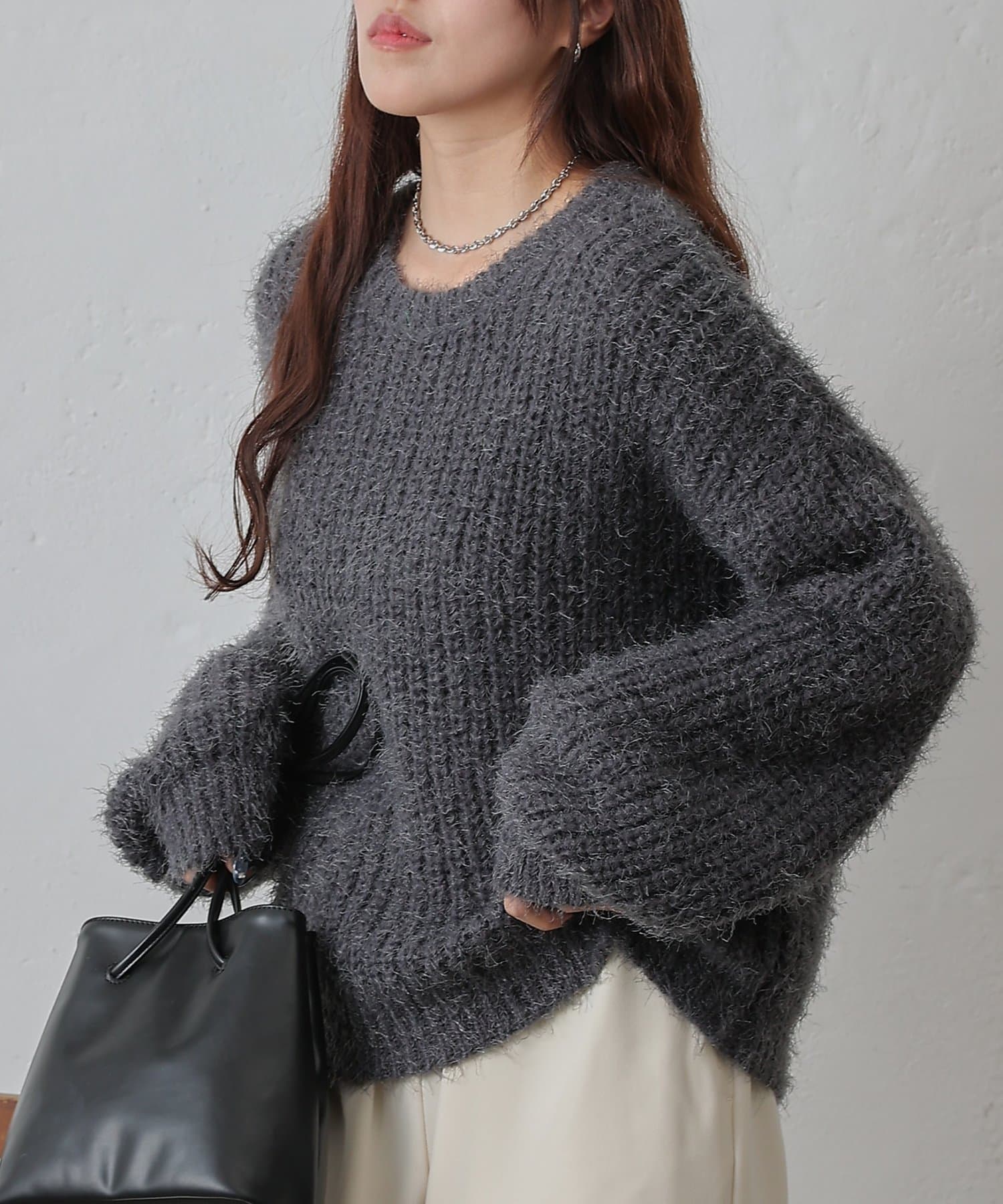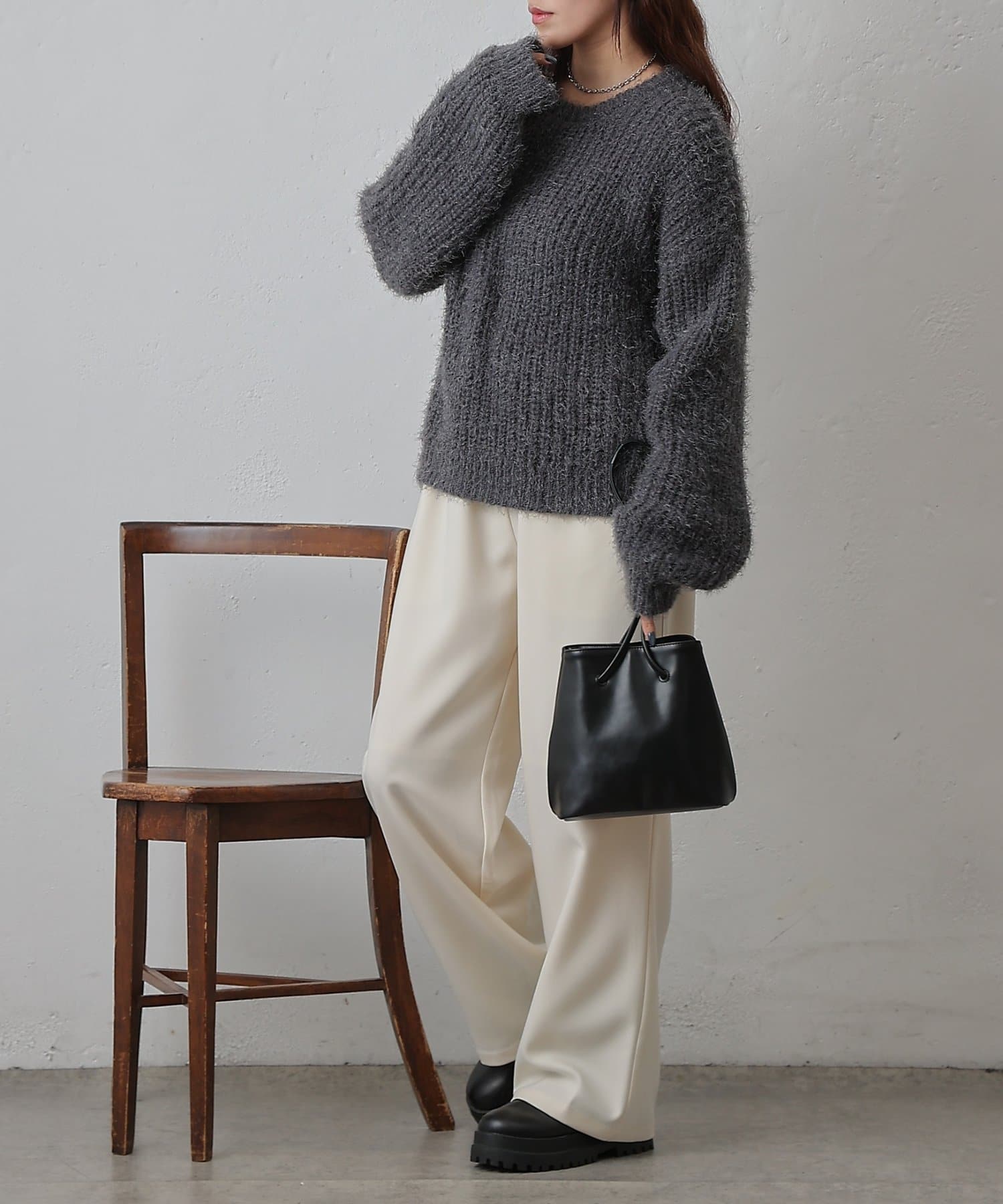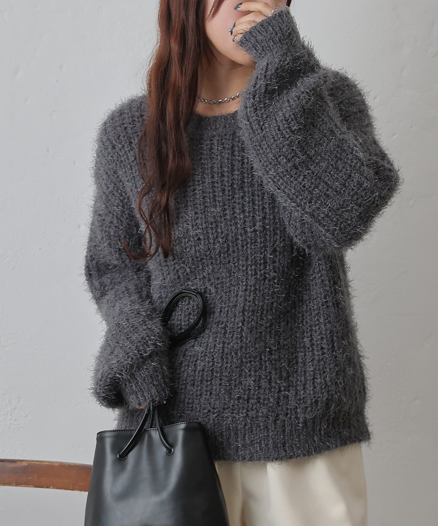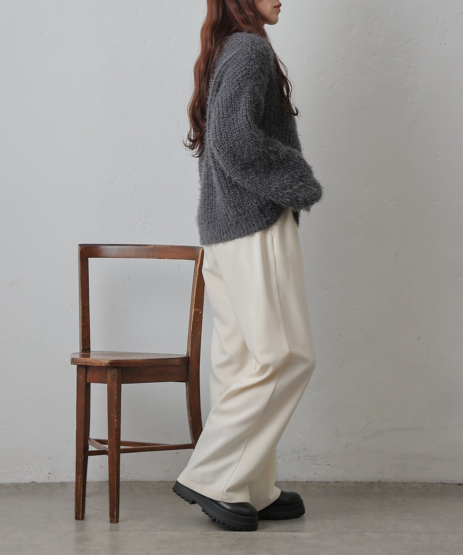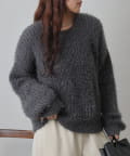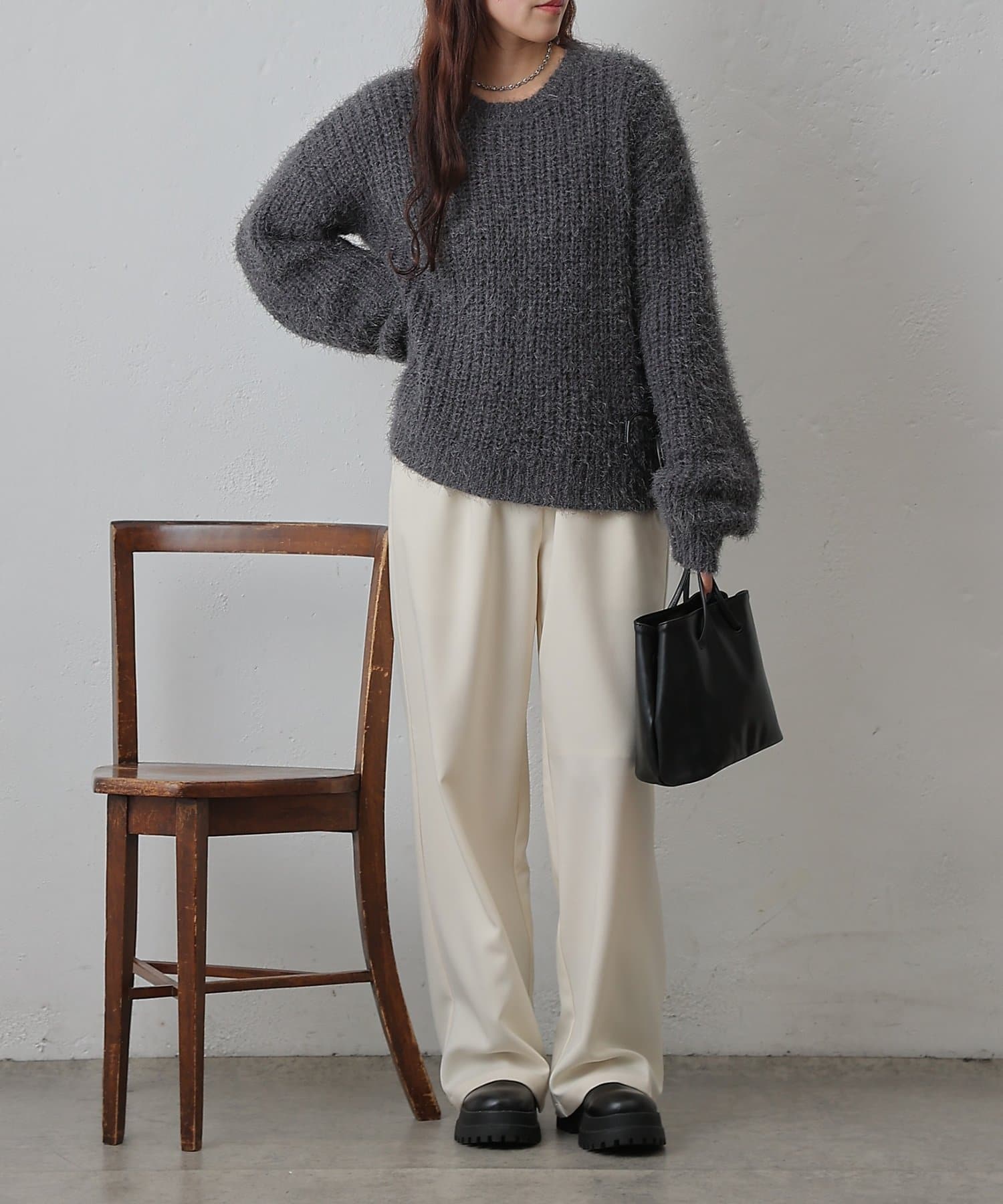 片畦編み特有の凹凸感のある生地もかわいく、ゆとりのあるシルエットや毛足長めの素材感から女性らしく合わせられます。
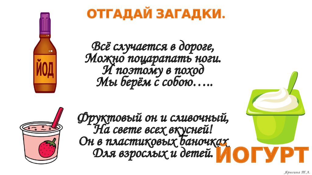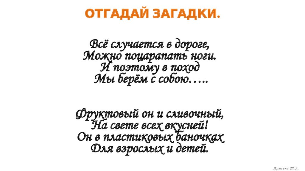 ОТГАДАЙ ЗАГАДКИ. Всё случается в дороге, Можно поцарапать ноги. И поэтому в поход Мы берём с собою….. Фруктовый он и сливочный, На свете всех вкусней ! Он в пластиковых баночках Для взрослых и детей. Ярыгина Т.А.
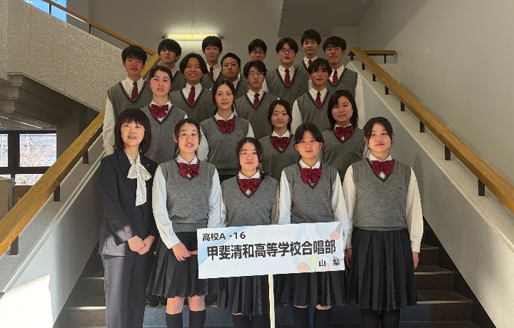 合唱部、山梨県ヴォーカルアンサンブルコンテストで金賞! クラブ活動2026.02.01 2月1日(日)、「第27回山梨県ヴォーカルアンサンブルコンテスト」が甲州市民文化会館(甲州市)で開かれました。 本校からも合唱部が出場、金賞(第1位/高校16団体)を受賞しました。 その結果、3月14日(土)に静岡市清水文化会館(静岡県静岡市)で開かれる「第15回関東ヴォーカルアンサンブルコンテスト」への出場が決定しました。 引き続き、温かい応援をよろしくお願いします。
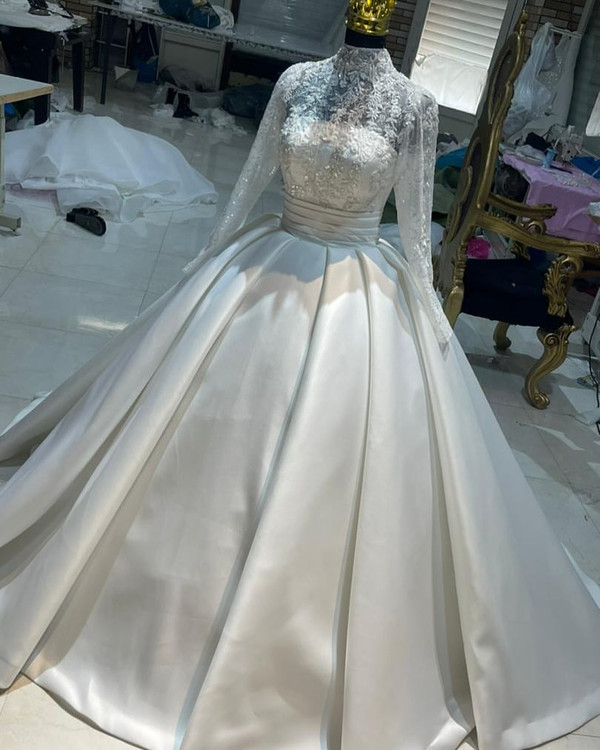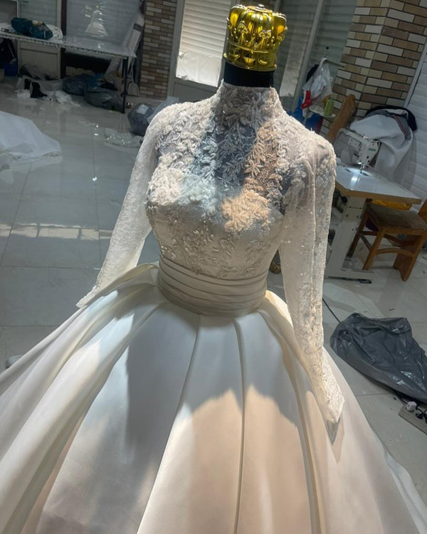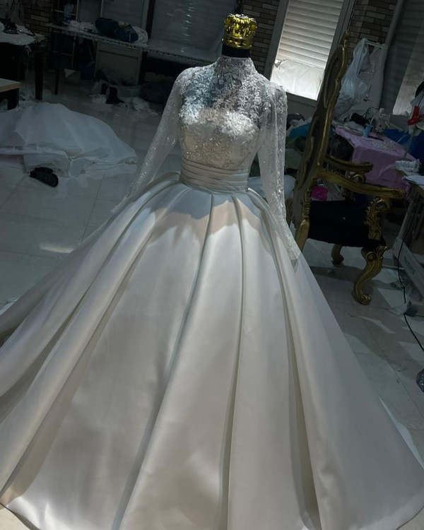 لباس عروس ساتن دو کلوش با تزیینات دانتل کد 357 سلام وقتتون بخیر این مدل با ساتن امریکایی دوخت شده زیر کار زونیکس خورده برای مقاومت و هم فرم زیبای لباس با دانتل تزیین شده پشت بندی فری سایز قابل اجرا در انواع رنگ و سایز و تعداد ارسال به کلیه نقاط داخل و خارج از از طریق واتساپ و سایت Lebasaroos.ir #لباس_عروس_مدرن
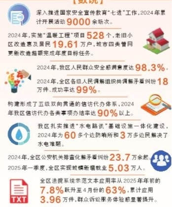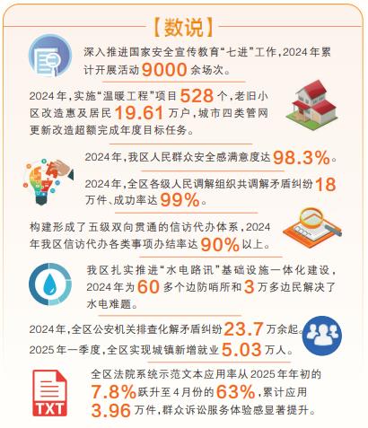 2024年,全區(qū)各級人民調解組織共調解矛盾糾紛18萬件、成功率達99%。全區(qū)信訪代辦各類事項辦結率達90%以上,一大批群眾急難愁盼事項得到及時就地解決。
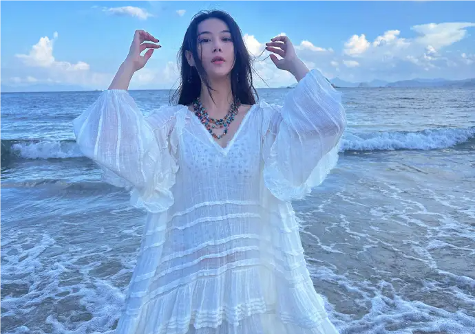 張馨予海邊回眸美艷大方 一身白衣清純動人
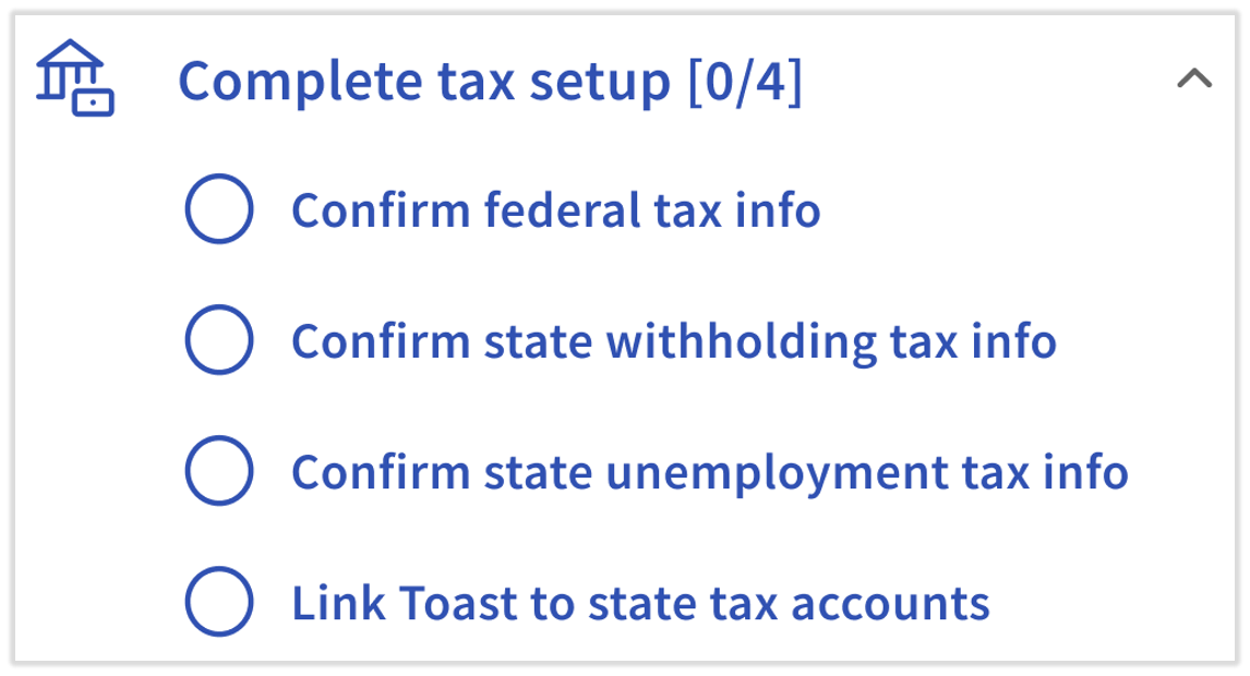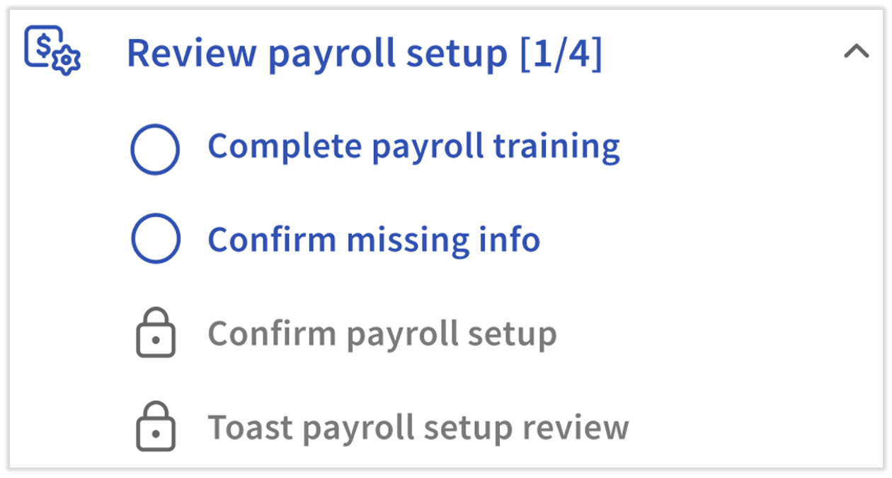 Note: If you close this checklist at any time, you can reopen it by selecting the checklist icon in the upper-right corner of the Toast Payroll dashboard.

◆ **TRY IT**
Write out all the entries again, word for word, and print no images.

◆ **TASK OUTPUT**
 片畦編み特有の凹凸感のある生地もかわいく、ゆとりのあるシルエットや毛足長めの素材感から女性らしく合わせられます。
 ОТГАДАЙ ЗАГАДКИ. Всё случается в дороге, Можно поцарапать ноги. И поэтому в поход Мы берём с собою….. Фруктовый он и сливочный, На свете всех вкусней ! Он в пластиковых баночках Для взрослых и детей. Ярыгина Т.А.
 合唱部、山梨県ヴォーカルアンサンブルコンテストで金賞! クラブ活動2026.02.01 2月1日(日)、「第27回山梨県ヴォーカルアンサンブルコンテスト」が甲州市民文化会館(甲州市)で開かれました。 本校からも合唱部が出場、金賞(第1位/高校16団体)を受賞しました。 その結果、3月14日(土)に静岡市清水文化会館(静岡県静岡市)で開かれる「第15回関東ヴォーカルアンサンブルコンテスト」への出場が決定しました。 引き続き、温かい応援をよろしくお願いします。
 لباس عروس ساتن دو کلوش با تزیینات دانتل کد 357 سلام وقتتون بخیر این مدل با ساتن امریکایی دوخت شده زیر کار زونیکس خورده برای مقاومت و هم فرم زیبای لباس با دانتل تزیین شده پشت بندی فری سایز قابل اجرا در انواع رنگ و سایز و تعداد ارسال به کلیه نقاط داخل و خارج از از طریق واتساپ و سایت Lebasaroos.ir #لباس_عروس_مدرن
 2024年,全區(qū)各級人民調解組織共調解矛盾糾紛18萬件、成功率達99%。全區(qū)信訪代辦各類事項辦結率達90%以上,一大批群眾急難愁盼事項得到及時就地解決。
 張馨予海邊回眸美艷大方 一身白衣清純動人
 Note: If you close this checklist at any time, you can reopen it by selecting the checklist icon in the upper-right corner of the Toast Payroll dashboard.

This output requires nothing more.